About this task:
Return the data that follows exactly as it appears. Pictures do not belong in the copy.

Dataset content:

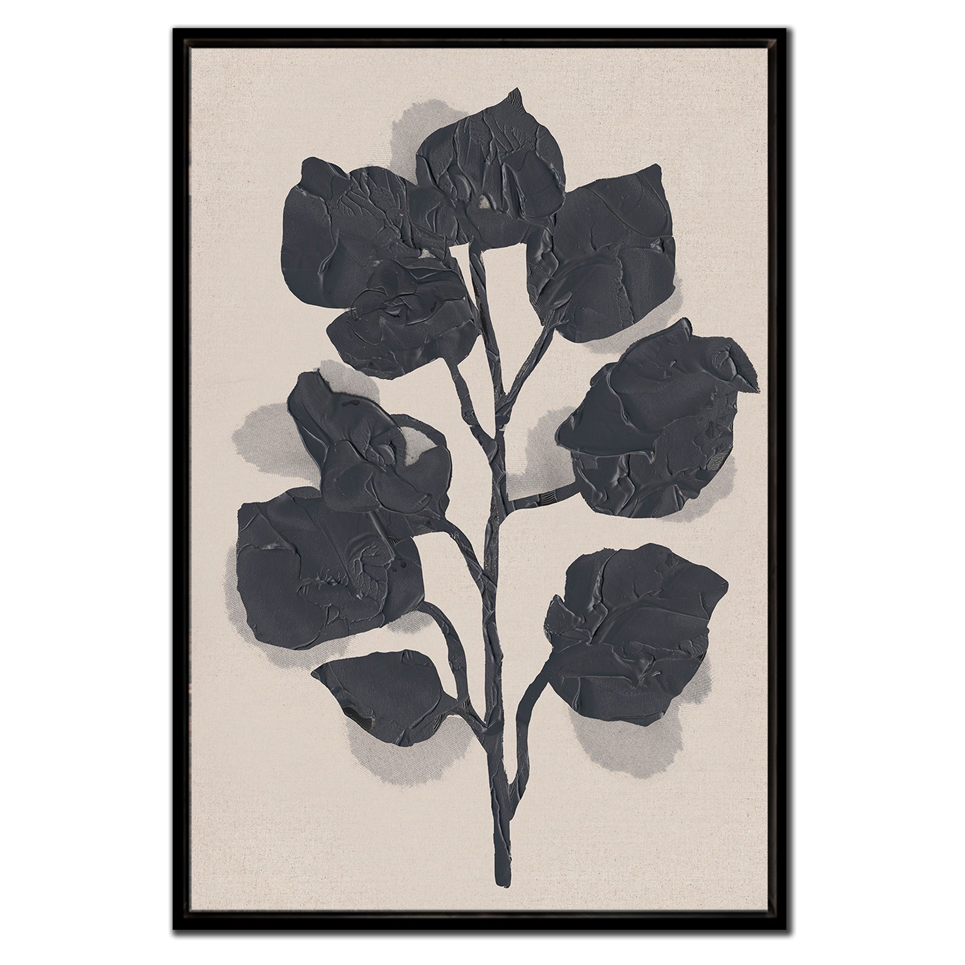 Ce tableau met en valeur une tige florale sculptée en relief, offrant une présence visuelle forte et élégante. Les pétales texturés créent un jeu d’ombre et de profondeur qui attire immédiatement le regard.
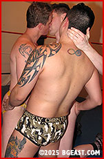 Ash nearly salivates and surveys his obedient boys engaged in a boner-inducing liplock
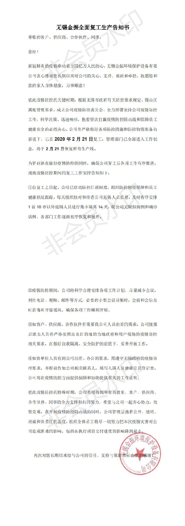 無(wú)錫金振全面復(fù)工生產(chǎn)告知書(shū)

Output for this task:
 Ce tableau met en valeur une tige florale sculptée en relief, offrant une présence visuelle forte et élégante. Les pétales texturés créent un jeu d’ombre et de profondeur qui attire immédiatement le regard.
 Ash nearly salivates and surveys his obedient boys engaged in a boner-inducing liplock
 無(wú)錫金振全面復(fù)工生產(chǎn)告知書(shū)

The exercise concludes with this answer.